Development of the human brain is incomplete at birth. During the first six years of life, the axonal pathways are progressively enveloped by a dense myelin sheath (i.e. myelination) to complete neuronal connectivity.¹ Abnormal and disrupted myelination is attributable to a variety of genetic disorders and neurologic conditions. The current clinical standard for determining myelin age and integrity is qualitative comparison of MR images to a reference atlas.² Quantitative MRI techniques to objectively evaluate myelin may improve detection of delayed myelination and provide a definitive characterization of disease effects on white matter.

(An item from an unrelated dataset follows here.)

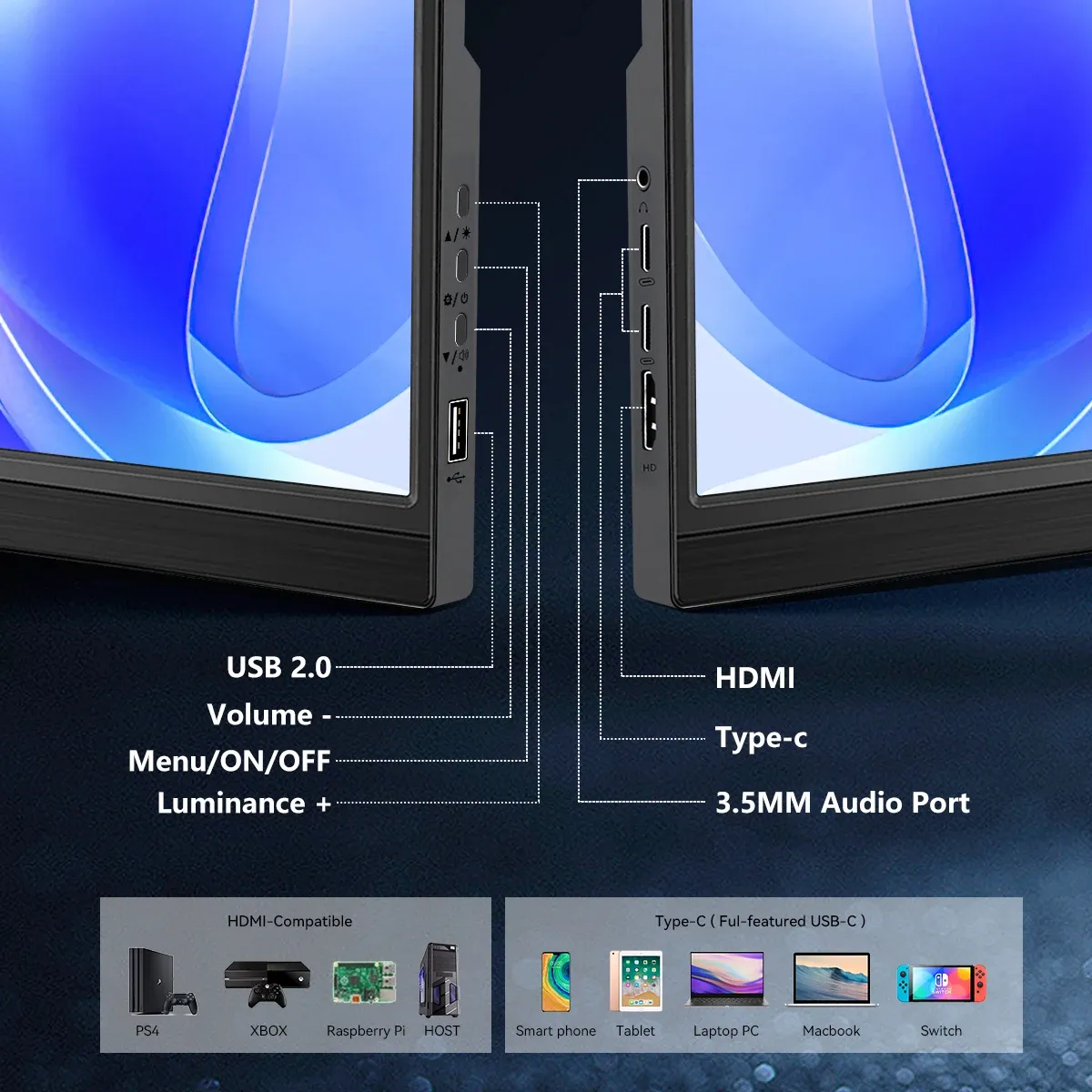 14 Inch Portable Monitor 1920*1080 60Hz IPS lcd touch Screen Gaming monitor for PC Phone Mac Xbox PS 4 5 Switch

Cross-relaxation imaging (CRI) is a quantitative MRI technique that captures the change in magnetization of water protons (free pool) induced by the transfer of magnetization from semi-solid macromolecular protons (bound pool).^3-8 Fast bound-pool fraction imaging (FBFI) was derived from CRI to provide voxel-based quantification of the bound-pool fraction, f, throughout the brain.⁹ FBFI has been validated with histology to measure myelin density and disease-associated changes in an animal model of glioma.⁹ Subsequently, FBFI was used to measure age-related degradation of white matter in adult patients with Fabry disease, a lysosomal storage disorder associated with stroke.¹⁰ However, integration of specialized pulse sequences (e.g. B₁ mapping techniques, MT pulse modification) and overall scan time, particularly in pediatric patients, remain barriers to clinical applications. In this study, we sought to translate FBFI to a clinical scanner without system modifications for the time-efficient direct measurement of myelin density in the healthy pediatric brain.

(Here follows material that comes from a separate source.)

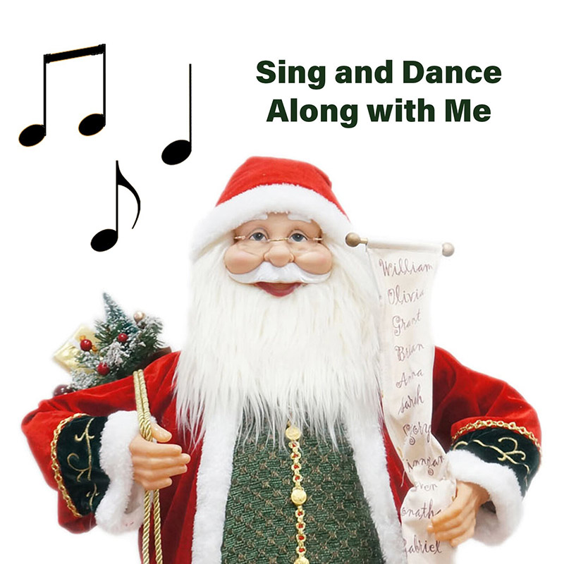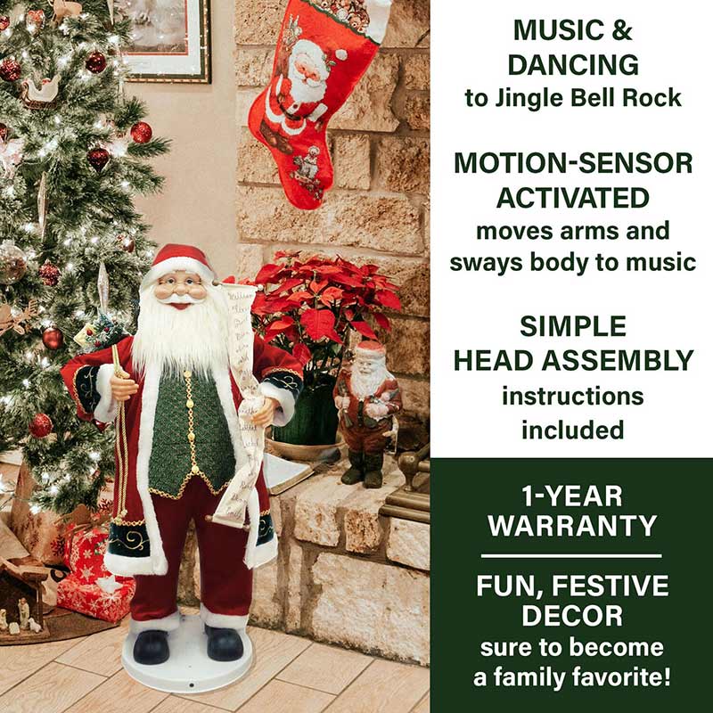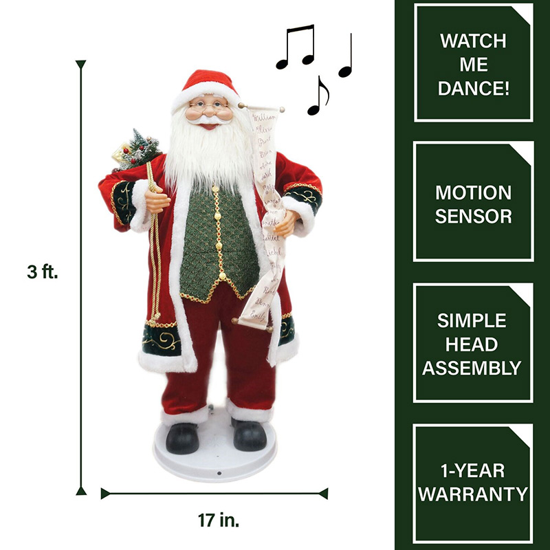 - 3-ft. motion-activated dancing Santa carries his Naughty & Nice list and a sack filled with holiday goodies over his back

To correct for field heterogeneity at 3T, B₀ and B₁ maps are routinely obtained during determination of the bound-pool fraction.^10,11 However, sequences for acquisition of whole-brain B₀ and B₁ maps are not available on clinical scanners and implementation through research key access increases scan time. Previously acquired data¹¹ from adults with Fabry disease and age/gender matched controls were utilized to characterize error in the absence of correcting for B₀ and B₁ heterogeneity. Effects of B₀-field heterogeneity were negligible (<1%) on determination of f (Figure 1). B₁-field heterogeneity had a larger effect, but remained small (<5%) and tended to systematically alter measurements based on anatomic location (Figure 1). This finding suggests accuracy more so than precision is a consequence of errors associated with B₁ heterogeneity, which enables comparison of specific anatomic structures within (i.e. serial studies) and between patients imaged on the same scanner.

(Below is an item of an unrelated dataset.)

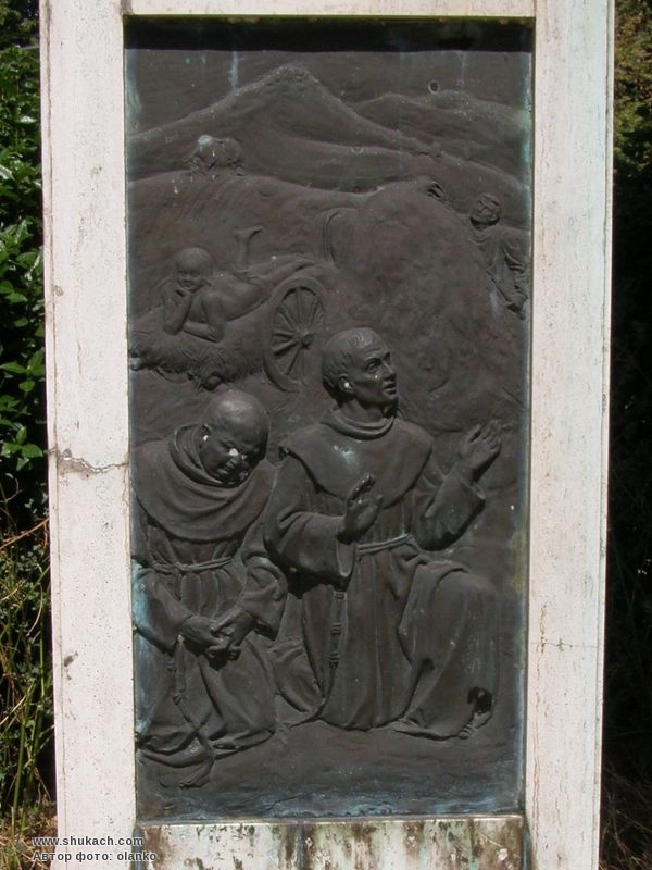Бронзова скульптура на кам’яному постаменті встановлена у 2000 році. На бронзових барельєфах, закріплених на гранях постаменту, зображені епізоди з життя святого.

Inability to optimize MT pulse delivery timing parameters on clinical scanners lengthens TR in pediatric patients due to SAR limitations. To evaluate feasibility of measuring f utilizing the matrix model of pulsed magnetization transfer¹² on a 3T whole-body pediatric clinical scanner (GE HD, Milwaukee, WI) an agarose-based phantom was constructed. A single Z-spectroscopic data point utilizing the maximum allowed offset frequency (∆=1.6kHz; duration 14ms) was acquired with a 3D SPGR sequence (TE=6ms, α=10°). Z-spectroscopic images were acquired with TR=50 and 90ms, representing the shortest allowable TRs for a 45 kg adult and 2 kg infant, respectively, using the preset MT pulse parameters. A complementary R₁ map necessary for parameter fitting was obtained using the variable flip angle (VFA) method with a 3D SPGR sequence (TR/TE = 22/6 ms, α=4, 10, and 30°). A synthetic reference image for normalization of Z-spectroscopic data was derived as previously described⁷ from:

$$$S_{\alpha}=PD\frac{1-e^{-R_{1}TR}}{1-cos\alpha e^{-R_{1}TR}}sin\alpha$$$

The MT ratio was higher for TR=50ms compared to TR=90ms in the 2% agarose gel (23.4% vs. 21.1%, respectively), but similar in the 1% agarose gel (13.7% vs. 13.8%, respectively). Measurements of f were comparable between TRs and both were able to effectively discriminate differences in agarose concentrations (Figure 2). This finding indicates that although the longer TR increases scan time, it does not compromise measurement of f.

Subsequently, a time-efficient protocol was developed for capturing f in the pediatric brain utilizing a single Z-spectroscopic data point (∆ = 1.6 kHz; duration 14 ms; TR/TE=90/6ms) and a complementary R₁ map as described above (Figure 3). Pediatric patients (ages 2 months – 7 years) receiving a clinical brain MRI for headaches or seizures were recruited for the study. All images were acquired with FOV=22×22cm², matrix=128×128, acquisition resolution of 0.86×0.86mm², and 28 slices (slice thickness of 2.5mm). Total scan time was <7 minutes. Evidence of progressive myelination with age was present on f maps (Figure 4). Age-progressive myelination in the posterior white matter corresponded strongly to a bounded exponential growth curve (Figure 5).